With this much secrecy, what happens when the person dies? How are his heirs supposed to the money if they don’t know all the passcodes? She hadn’t thought about that. She’s too young to think about things as dying and inheriting. Then she found podcasts on two channels – financial and legal – that talked about that very issue.

Paper trails aren’t just important in the invisible currency arena. Inheritance is a major consideration.

After you die, for your loved ones to inherit, there must be proof of which financial institutions you have money at, that you have money there, how much it is, and the account numbers for the company to find the funds.

The secrecy surrounding cryptocurrency can make retrieving monies from a dead person next to impossible.  Online banking, for all its convenience, can raise similar issues.

A serviceman passed away during training at a base on Oahu. He was divorced and had only one child, who lived with her mother on the east coast.

Understandably, being military and wanting to avoid the humbug that comes with paper statements from his financial institutions, he did all his banking and investing online.

Convenient, yes, with no file folders to track or pack up to move to the next duty station.  He had not kept any paper statements of his accounts. It was all online.

After the Army notified his family of his death, they came to collect his belongings. There were no statements to show where he kept his money. He had done all his banking and investing online. The family asked Verizon and Google – his internet carrier and service providers – for access to his email accounts so they could find his money. Both companies provided the family with templates for them to obtain a court order permitting them to give them that information.

The court reviewed the templates but said that the right of privacy transcends death.  If the deceased person didn’t leave a paper trail or give them his passwords or account numbers, they were out of luck.

What’s the lesson here?

Keep a paper trail. Once in a while, print out statements from your online accounts and put them with your estate planning documents.

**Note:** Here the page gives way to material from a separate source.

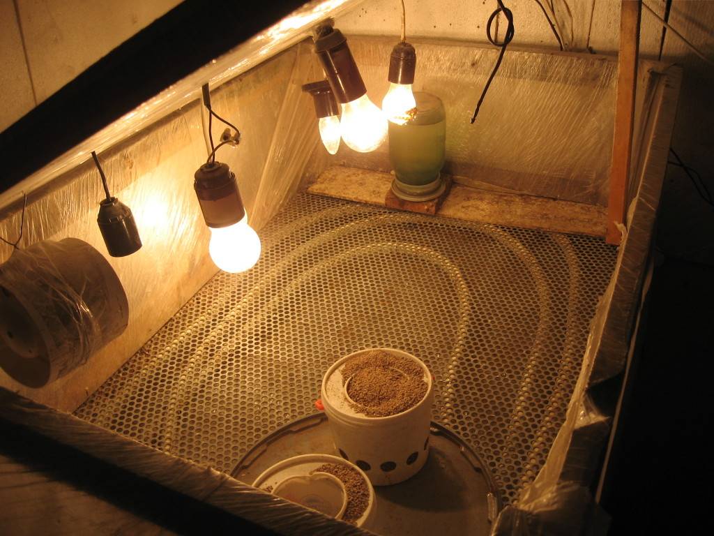 - Для поддержания необходимой температуры воздуха и интенсивности освещения установите инфракрасную лампу. При её отсутствии можно использовать обычную лампочку 60 Вт.

When you die your family at least knows where you kept your money so when they take the statements to the bank or investment company, those institutions can locate your funds to pay it to you.

Those paper statements are proof of the existence of accounts. Marriage or birth certificates can show your relation to the decedent, to confirm your beneficiary status when the bank or brokerage checks its records of who was designated as beneficiaries.

We all work hard to earn our living. When we pass away, we want to make sure our loved ones receive what we left unused. Keep a paper trail to help ensure that this happens.

This article is for informational purposes only and is not to be constructed as offering legal advice. Please consult an attorney for your individual situation. The author is not responsible for a reader’s reliance on the information contained here.